You are right. Something like a fixed API would do great. Wow.

Hello Jo,

Thanks so much for your feedback. I’ve enjoyed it. Forget the proposition part. I was so tired while writing it. Got mixed up at the end of a hard-working day. You are right. Datahandler is something else. But I respect it on this one point - it does what it’s supposed to. No questions asked. I don’t mean it has no mistakes. it’s just loyal. Like a thief’s assistant. However, if TCA changes, some parts of it should.

Let’s talk about your last paragraph for a second. Am aware of the concern - completely. My Idea is to not have anything change. The idea is to add a feature. Something like a switch (in typoscript, yaml site settings, etc) that lifts the limitations if one so choses. Another way might be to add a class in the custom extension which get’s picked up and processed, or the adding of a hook; to add types to those already defined. the added data types should then be added whenever database analysis and comparisons are done.Doctrine already has that feature. I did add it sometime back, then I realized there was no hook in ConnectionPool.php (line 190) to hook them up. Would you care to take a look at that line? Something can be done there? or in another way? I don’t know, that sounds reasonable?
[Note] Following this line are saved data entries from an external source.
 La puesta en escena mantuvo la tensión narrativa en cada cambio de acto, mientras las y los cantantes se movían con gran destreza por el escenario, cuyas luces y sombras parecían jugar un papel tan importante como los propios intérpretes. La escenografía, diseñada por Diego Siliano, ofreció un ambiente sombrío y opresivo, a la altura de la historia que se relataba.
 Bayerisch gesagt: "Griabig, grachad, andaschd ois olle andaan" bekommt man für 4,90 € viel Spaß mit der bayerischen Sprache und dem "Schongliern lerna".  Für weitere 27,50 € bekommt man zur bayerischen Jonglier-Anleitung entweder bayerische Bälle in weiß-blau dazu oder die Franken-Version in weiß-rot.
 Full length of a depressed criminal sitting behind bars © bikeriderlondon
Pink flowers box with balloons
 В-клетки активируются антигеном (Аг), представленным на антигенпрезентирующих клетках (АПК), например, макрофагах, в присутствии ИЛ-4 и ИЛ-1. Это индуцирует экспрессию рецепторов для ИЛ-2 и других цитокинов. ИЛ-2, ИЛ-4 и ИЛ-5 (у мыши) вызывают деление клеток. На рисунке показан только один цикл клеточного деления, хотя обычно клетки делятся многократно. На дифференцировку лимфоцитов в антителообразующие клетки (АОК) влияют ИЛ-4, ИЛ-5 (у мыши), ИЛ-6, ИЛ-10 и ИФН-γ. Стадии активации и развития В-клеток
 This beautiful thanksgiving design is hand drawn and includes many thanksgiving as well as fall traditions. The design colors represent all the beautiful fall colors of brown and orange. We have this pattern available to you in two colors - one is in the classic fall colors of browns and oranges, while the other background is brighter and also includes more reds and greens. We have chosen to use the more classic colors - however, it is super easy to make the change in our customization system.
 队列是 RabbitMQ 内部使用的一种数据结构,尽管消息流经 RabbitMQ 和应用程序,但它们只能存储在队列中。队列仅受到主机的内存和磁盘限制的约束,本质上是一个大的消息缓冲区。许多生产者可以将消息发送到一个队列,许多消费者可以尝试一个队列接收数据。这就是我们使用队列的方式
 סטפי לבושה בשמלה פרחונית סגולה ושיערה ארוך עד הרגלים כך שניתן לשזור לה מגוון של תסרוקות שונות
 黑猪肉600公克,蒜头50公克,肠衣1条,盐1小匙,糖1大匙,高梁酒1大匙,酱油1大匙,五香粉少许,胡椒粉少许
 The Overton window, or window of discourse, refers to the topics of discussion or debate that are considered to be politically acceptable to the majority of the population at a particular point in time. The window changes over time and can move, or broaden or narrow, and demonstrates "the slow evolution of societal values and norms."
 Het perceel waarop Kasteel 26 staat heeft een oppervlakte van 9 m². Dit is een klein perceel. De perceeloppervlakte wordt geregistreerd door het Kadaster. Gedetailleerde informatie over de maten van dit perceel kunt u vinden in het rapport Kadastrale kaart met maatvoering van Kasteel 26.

I/We will try to make it more of a priority to refactor (in the end, recreate) the concept of TCA as described in my bullet points. I actually agree with your points about the DataHandler but I strongly believe that the structure of the underlying configuration layer has to be cleaned up first - otherwise we’d be putting new floors on top of a bad foundation. It also doesn’t make much sense to do both at the same time because this will cause the scope to explode in size.

We would also be looking into potential third party libraries to manage the configuration - if we can avoid inventing something new then that would be ideal. Think Symfony configuration component, ORM systems, etc.
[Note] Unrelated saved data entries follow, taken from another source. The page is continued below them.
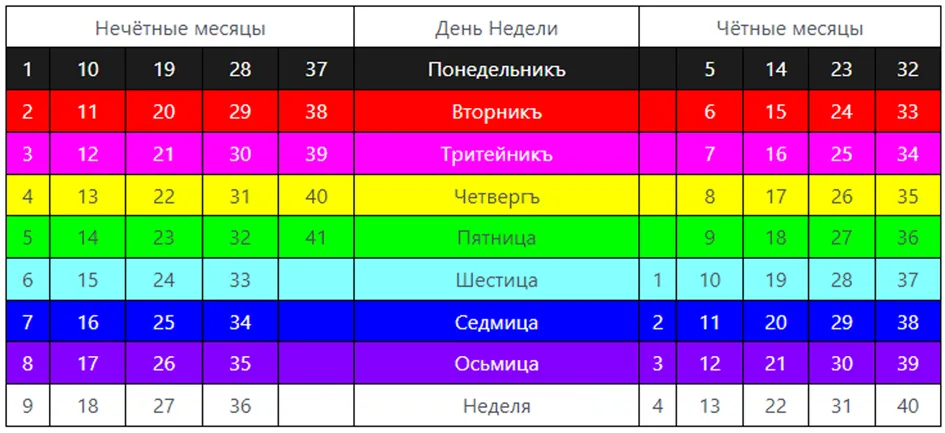 Slavjanský kalendár je oveľa pohodlnejší ako gregoriánsky kalendár, máme len 2 tabuľky: párne a nepárne mesiace začínajú v ten istý deň v týždni. Ak sa Lieto začalo v pondelok, potom všetky nepárne mesiace začnú v pondelok a párne mesiace začnú v šesticu.
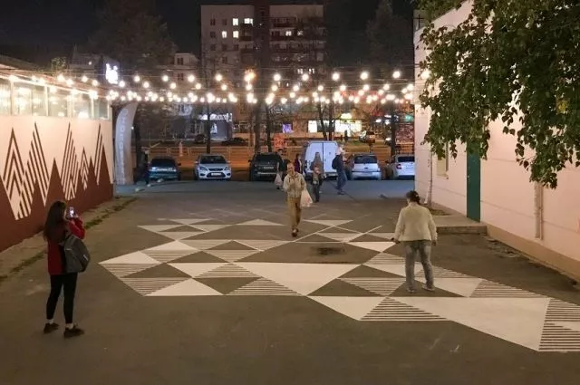 Урбанисты во главе с Львом Владовым решили обустроить городское пространство. Они уже убрали пластиковый сайдинг со стены, оштукатурили и нанесли на нее и на асфальтовое покрытие орнамент. А еще активисты повесили гирлянду, которая загорается по сигналу датчика освещенности.
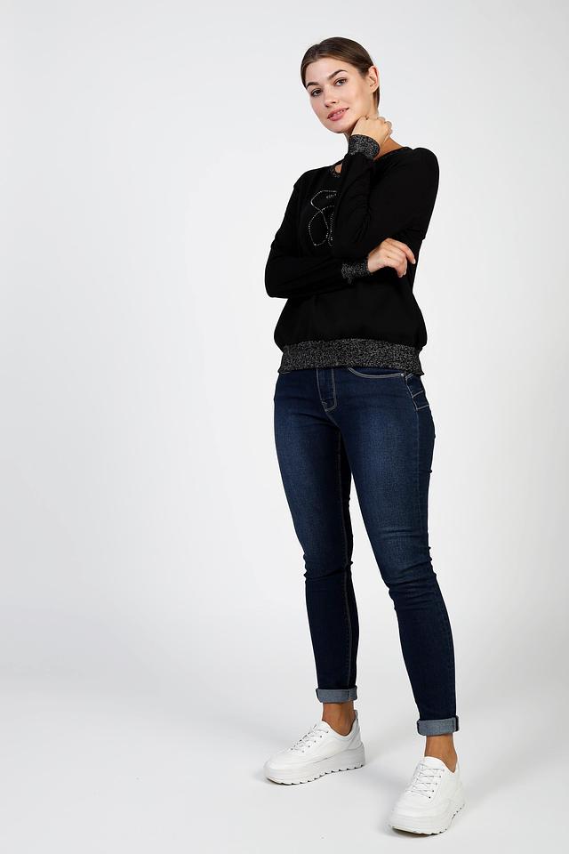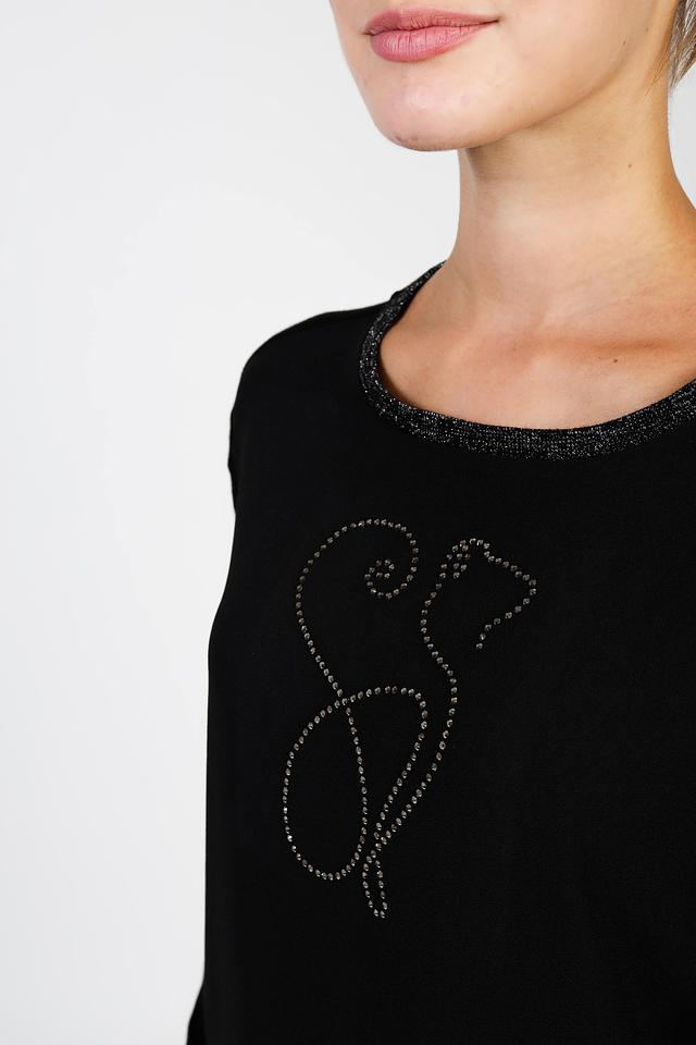 Основным элементом декора является изображение кошки, выполненное в виде страз, что придает изделию оригинальность и изысканность. Горловина и манжеты джемпера отделаны вставкой с блестящей нитью, добавляющей акцент.
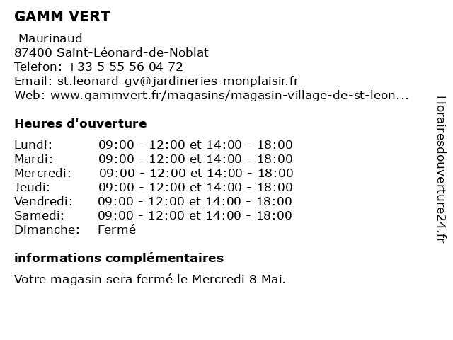 | Samedi | 09:00-12:00 et 14:00-18:00 |
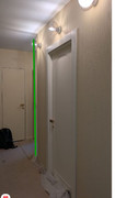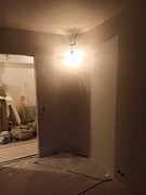 У меня нет красивой фотки с этим радиусом сейчас, вот старая фотка времени монтажа стен. Я прям далеко не уверена, что надо ее выравнивать по коридору, а не по дочкиной
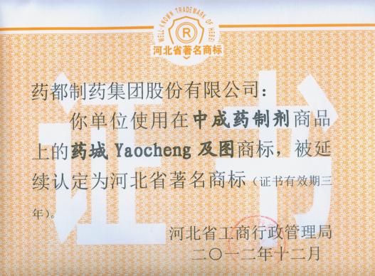 2012年12月,經(jīng)河北省工商行政管理局審評,我公司“普濟堂”商標、“藥城”商標被延續(xù)認定為河北省著名商標。
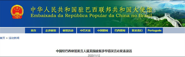 12日,中国驻巴西使馆发言人则就美国政客涉华错误言论发表谈话表示,美国副国务卿克拉奇在访问巴西期间,恶意攻击中国5G技术安全,散布针对中国和中国企业的政治谎言。其言论罔顾事实,其真实意图是污蔑抹黑中国,离间中巴正常合作。我们对此表示坚决反对。
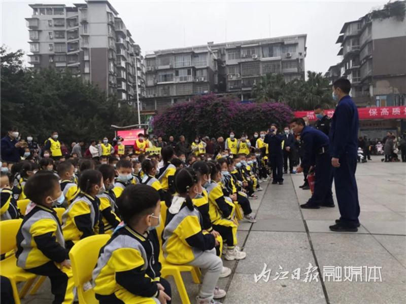 活动还邀请了资中吉欧幼儿园的小朋友现场观摩学习灭火演练。考虑到孩子们年龄小、接受能力较弱的现状,工作人员转变宣传方式,采用现场观看、提问互动的方式吸引孩子们的注意力,让他们从小树立消防安全意识。
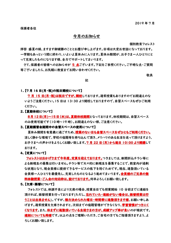 今月のお知らせ(2019年7月)

The success criteria is pretty much encapsulated in the bullet points, but of course the main criterias are to have a compatibility measure (a sort of “bridge”; I’m thinking a lot in terms of a generating feature that might generate TCA as a first implementation and then later on generate “something else” - basically viewing TCA as a “persistent storage format” that might be stored by arbitrary means and be accessed through the API as opposed to directly from the huge array). So the idea is to write an API that will cover and clean up all existing use cases and segment this API into separated concerns, yet still generate “old” TCA as output. Then after this begin the long and slow climb toward accessing TCA exclusively through this new API throughout the TYPO3 core, including in DataHandler. When the TYPO3 core no longer accesses TCA directly from the array, this frees it up to change the storage mechanism.
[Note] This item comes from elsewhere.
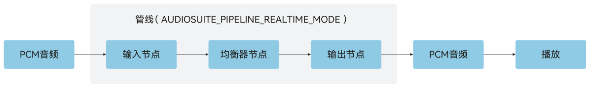 struct AudioDataInfo {uint8_t *buffer = nullptr; // 音频数据。int32_t bufferSize = 0; // 音频数据总大小。int32_t totalWriteSize = 0; // 处理过的音频数据总大小。};// 输入节点请求数据的回调函数。static int32_t InputNodeWriteDataCallBack(OH_AudioNode *audioNode,void *userData,void *audioData,int32_t audioDataSize,bool *finished){if ((audioNode == nullptr) || (userData == nullptr) ||(audioData == nullptr) || (audioDataSize <= 0) || (finished == nullptr)) {return -1;}struct AudioDataInfo *info = static_cast<struct AudioDataInfo *>(userData);// 要处理的音频大小。int32_t actualDataSize = std::min(audioDataSize, info->bufferSize - info->totalWriteSize);// 将PCM音频数据写入audioData。memcpy(static_cast<void *>(audioData), info->buffer + info->totalWriteSize, actualDataSize);info->totalWriteSize += actualDataSize;// 音频数据全部处理完。if (info->totalWriteSize >= info->bufferSize) {*finished = true;}return actualDataSize;}// 创建引擎。OH_AudioSuiteEngine *audioSuiteEngine = nullptr;OH_AudioSuiteEngine_Create(&audioSuiteEngine);// 创建实时渲染的管线。OH_AudioSuitePipeline *audioSuitePipeline;OH_AudioSuiteEngine_CreatePipeline(audioSuiteEngine, &audioSuitePipeline,OH_AudioSuite_PipelineWorkMode::AUDIOSUITE_PIPELINE_REALTIME_MODE);// 创建节点构造器。OH_AudioNodeBuilder *nodeBuilder = nullptr;OH_AudioSuiteNodeBuilder_Create(&nodeBuilder);OH_AudioSuiteNodeBuilder_SetNodeType(nodeBuilder, OH_AudioNode_Type::INPUT_NODE_TYPE_DEFAULT);// 配置音频数据格式,开发者根据要处理的音频数据格式设置采样率、声道分布、声道数、位深、编码格式参数。OH_AudioFormat audioFormatInput;audioFormatInput.samplingRate = OH_Audio_SampleRate::SAMPLE_RATE_48000;audioFormatInput.channelLayout = OH_AudioChannelLayout::CH_LAYOUT_STEREO;audioFormatInput.channelCount = 2;audioFormatInput.sampleFormat = OH_Audio_SampleFormat::AUDIO_SAMPLE_S16LE;audioFormatInput.encodingType = OH_Audio_EncodingType::AUDIO_ENCODING_TYPE_RAW;OH_AudioSuiteNodeBuilder_SetFormat(nodeBuilder, audioFormatInput);// 设置音频流的回调。struct AudioDataInfo audioInfo;audioInfo.buffer = nullptr; // 开发者根据业务场景存放要处理的音频数据。audioInfo.bufferSize = 0; // 开发者根据业务场景存放要处理的音频数据大小。audioInfo.totalWriteSize = 0;void *userData = static_cast<void *>(&audioInfo);OH_AudioSuiteNodeBuilder_SetRequestDataCallback(nodeBuilder, InputNodeWriteDataCallBack, userData);// 创建输入节点。OH_AudioNode *inputNode = nullptr;OH_AudioSuiteEngine_CreateNode(audioSuitePipeline, nodeBuilder, &inputNode);// 重置构造器配置并设置为均衡器节点类型。OH_AudioSuiteNodeBuilder_Reset(nodeBuilder);OH_AudioSuiteNodeBuilder_SetNodeType(nodeBuilder, OH_AudioNode_Type::EFFECT_NODE_TYPE_EQUALIZER);// 创建均衡器节点。OH_AudioNode *eqNode = nullptr;OH_AudioSuiteEngine_CreateNode(audioSuitePipeline, nodeBuilder, &eqNode);// 设置均衡器节点效果为默认。OH_AudioSuiteEngine_SetEqualizerFrequencyBandGains(eqNode, OH_EQUALIZER_PARAM_DEFAULT);// 重置构造器配置并设置为输出节点类型。OH_AudioSuiteNodeBuilder_Reset(nodeBuilder);OH_AudioSuiteNodeBuilder_SetNodeType(nodeBuilder, OH_AudioNode_Type::OUTPUT_NODE_TYPE_DEFAULT);// 配置音频数据格式,开发者根据预期输出的音频格式设置采样率、声道分布、声道数、位深、编码格式参数。OH_AudioFormat audioFormatOutput;audioFormatOutput.samplingRate = OH_Audio_SampleRate::SAMPLE_RATE_48000;audioFormatOutput.channelLayout = OH_AudioChannelLayout::CH_LAYOUT_STEREO;audioFormatOutput.channelCount = 2;audioFormatOutput.sampleFormat = OH_Audio_SampleFormat::AUDIO_SAMPLE_S16LE;audioFormatOutput.encodingType = OH_Audio_EncodingType::AUDIO_ENCODING_TYPE_RAW;OH_AudioSuiteNodeBuilder_SetFormat(nodeBuilder, audioFormatOutput);// 创建输出节点。OH_AudioNode *outputNode = nullptr;OH_AudioSuiteEngine_CreateNode(audioSuitePipeline, nodeBuilder, &outputNode);// 销毁节点构造器。OH_AudioSuiteNodeBuilder_Destroy(nodeBuilder);// 连接各个节点组成组网。OH_AudioSuiteEngine_ConnectNodes(inputNode, eqNode);OH_AudioSuiteEngine_ConnectNodes(eqNode, outputNode);离线编辑和实时渲染在创建管线时有区别。

Needless to say, perhaps: this will be a very long running effort. A time-scale of years should probably be expected.

I have another side topic that i wanted to mention. I had a quick chat with Benni Mack about optimizing the TCA as well concerning the really horrible syntax of tabs, palettes, fields and field definitions like tx_contentelements_slideshowimages;;;;1-1-1 of \TYPO3\CMS\Core\Utility\ExtensionManagementUtility::addToAllTCAtypes('fe_users', 'tx_contentelements_slideshowimages;;;;1-1-1'); or do you know what settings you can set after each semicolon? I don’t. A kind of array syntax with key-value pairs would be much better in my opinion.

So if there is any working group, I would also like to be part of it.

Refs:

@simonschaufi I’ll keep you in mind for the working group!

@tomalo.stuttgart1 just came up with an API for TCA: https://git.spooner.io/spooner-web/tcabuilder/-/tree/main

This isn’t exactly the direction we would go in - our choice would be to have dedicated objects that reflect the structure, which can then be persisted to various formats. So instead of having PHP methods to manipulate TCA (to some degree TYPO3 already has this) we would implement a more object-oriented solution. In short, we would like to move beyond the current string instructions for structure and at the same time decouple UI and domain instructions.